Exercise goal
Start with the line that holds "This paper examines". Please copy it and each remaining line below exactly, leaving pictures out.
*** Record set Section Begins ***
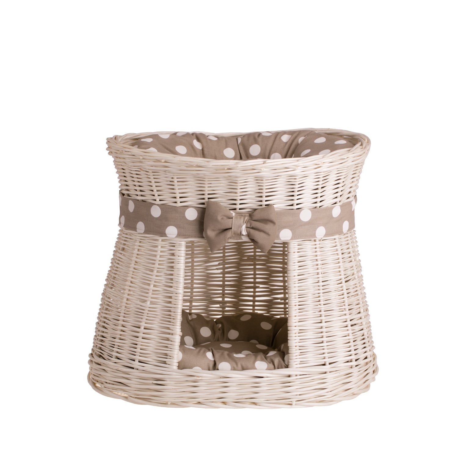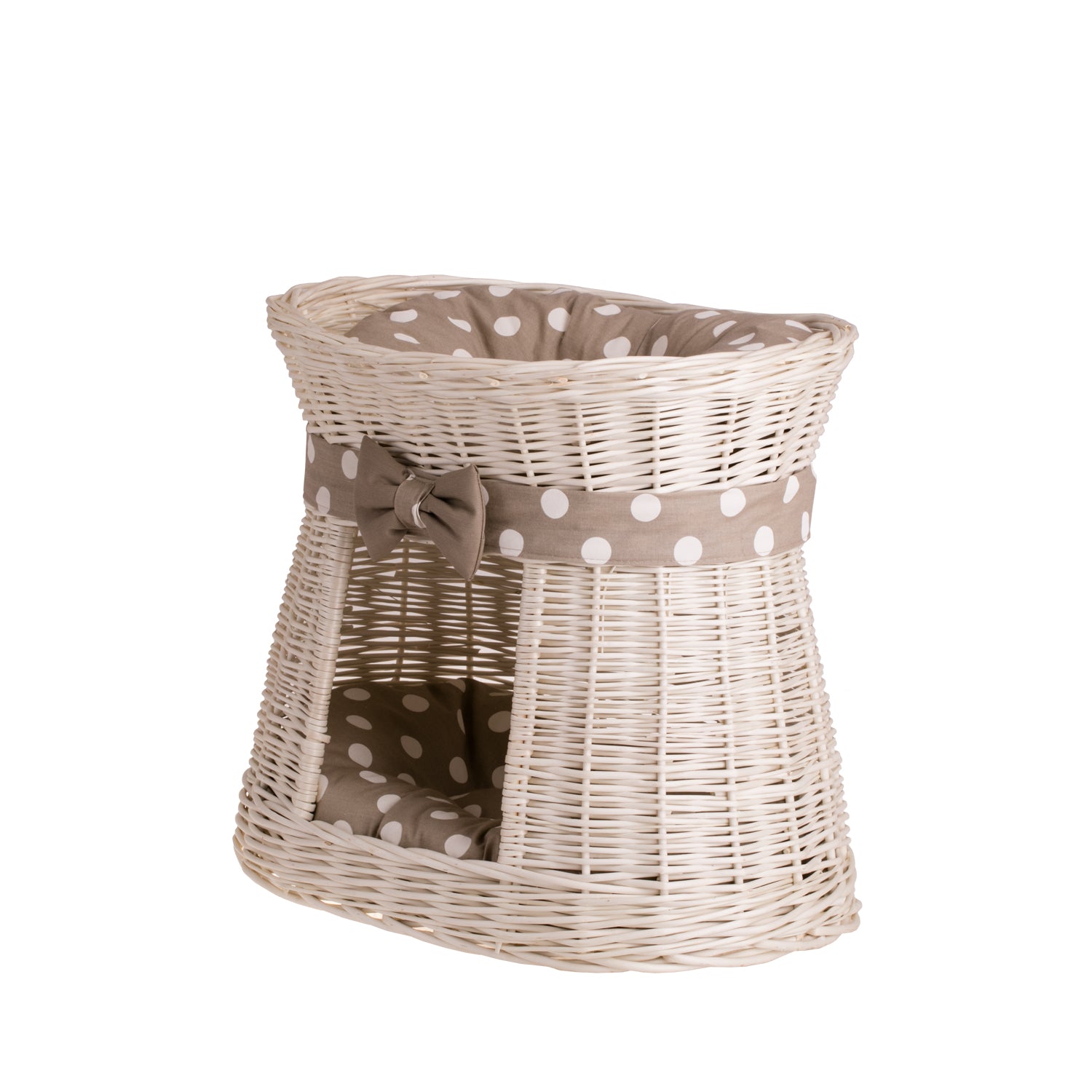 Specyfikacja Twojego Erif wiklinowy domek dla kota z beżowymi poduszkami, dwie kondygnacje, z kokardą TheWickerStories
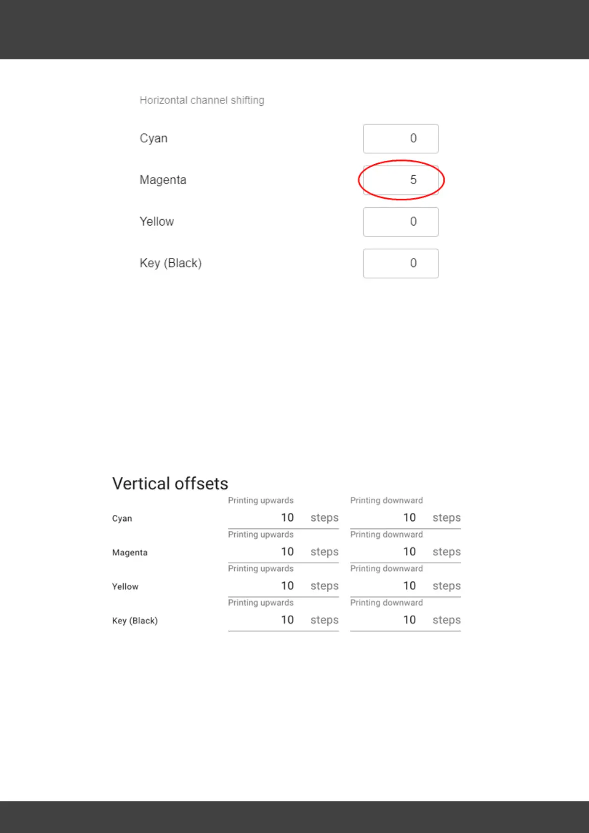 magenta printing upwards.
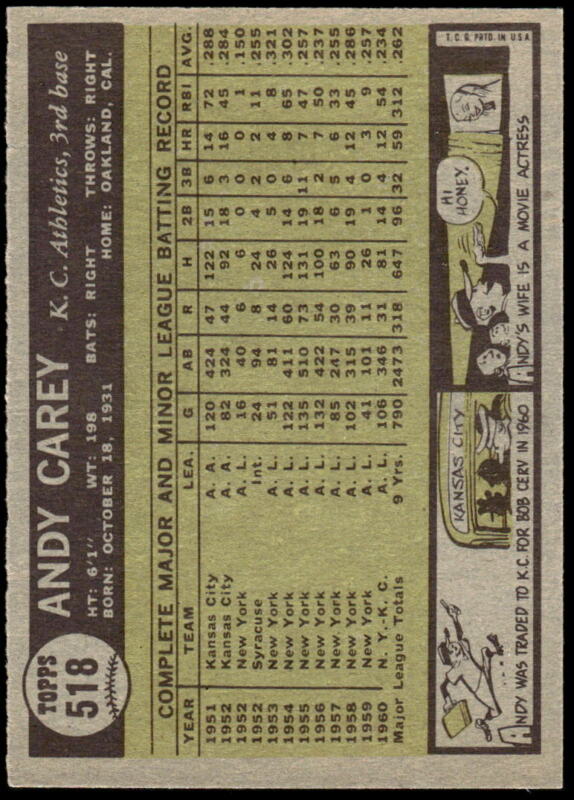 1961 TOPPS ANDY CAREY 518 EXMT BASEBALL KANSAS CITY ATHLETICS
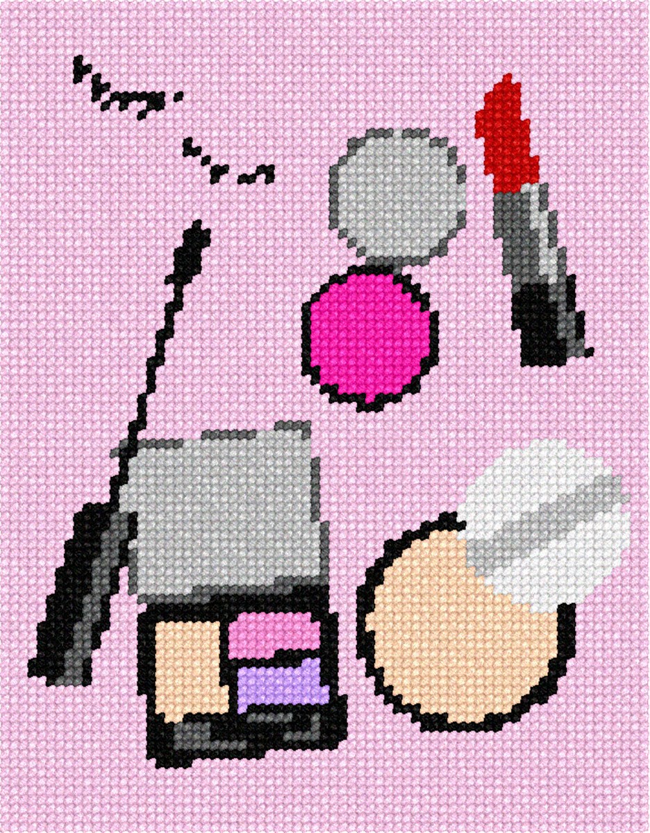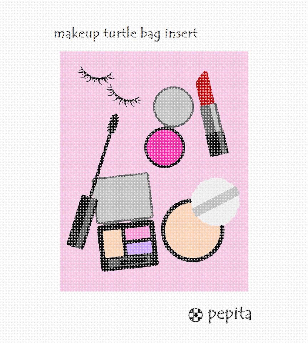 Stitch a shell for your new turtle bag. Turtle bags are tote bags that come with a window for interchangeable designs. This makeup design can also be stitched as a regular beginner needlepoint project. It measures 5.5 X 7, so adjust the stitching area to 5 X 7 and frame with a ready made frame.
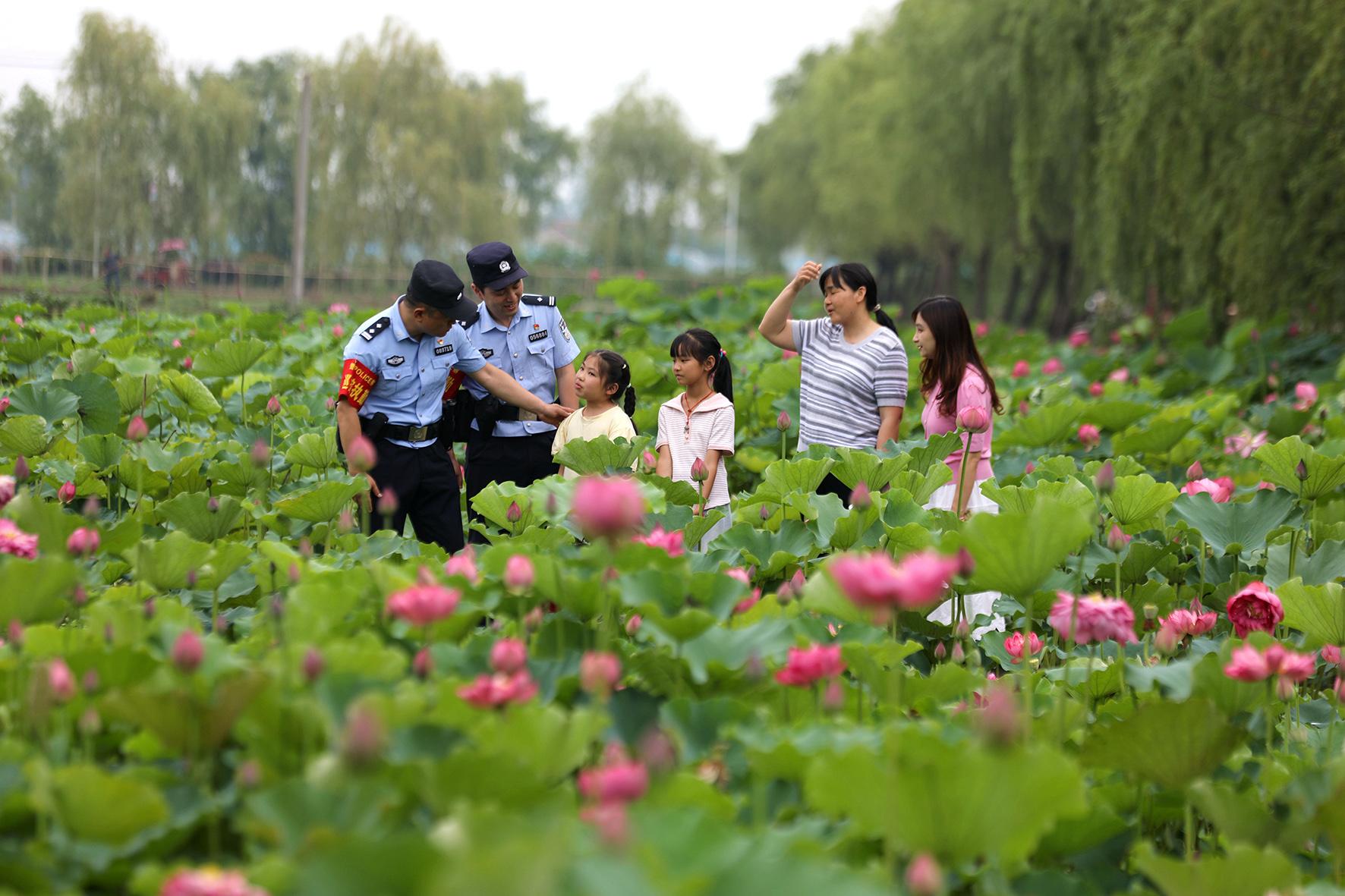 6月9日,安徽省舒城縣棠樹鄉(xiāng)數(shù)百畝荷花迎來盛開季。舒城縣公安局棠樹派出所推出“護(hù)游警務(wù)”,積極開展巡邏防控、服務(wù)等工作,為游客排憂解難。
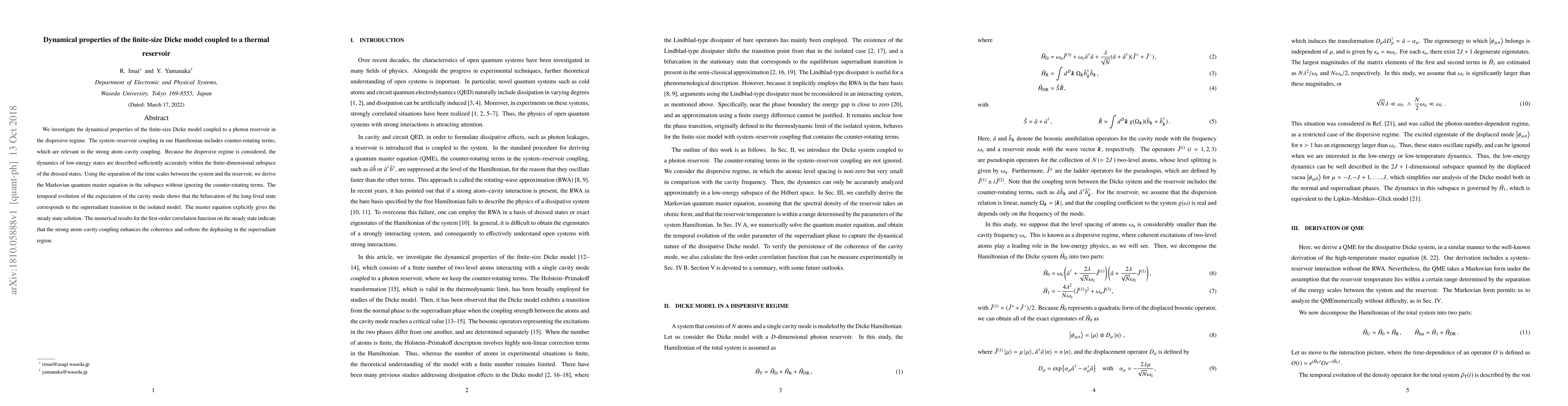 This paper examines the dynamical properties of the finite-size Dicke model in the dispersive regime, coupled to a photon reservoir, focusing on the effects of counter-rotating terms. It derives a Markovian quantum master equation that captures the system's evolution, revealing enhanced coherence and reduced dephasing in the strong atom-cavity coupling regime.
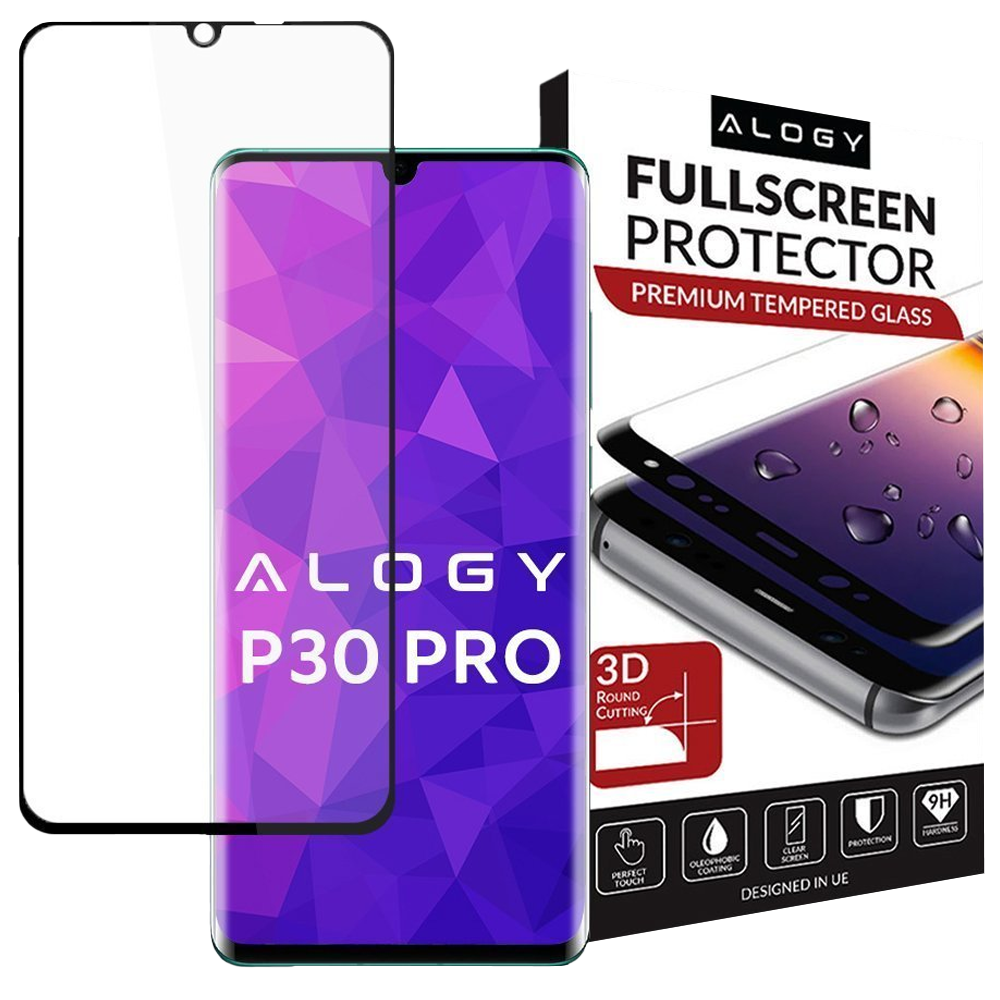 Das dem Huawei P30 Pro gewidmete gehärtete Alogy-Glas wurde entwickelt, um den größtmöglichen Bereich des Gerätebildschirms abzudecken.
*** Record set Section Ends ***
Answer for the task
 This paper examines the dynamical properties of the finite-size Dicke model in the dispersive regime, coupled to a photon reservoir, focusing on the effects of counter-rotating terms. It derives a Markovian quantum master equation that captures the system's evolution, revealing enhanced coherence and reduced dephasing in the strong atom-cavity coupling regime.
 Das dem Huawei P30 Pro gewidmete gehärtete Alogy-Glas wurde entwickelt, um den größtmöglichen Bereich des Gerätebildschirms abzudecken.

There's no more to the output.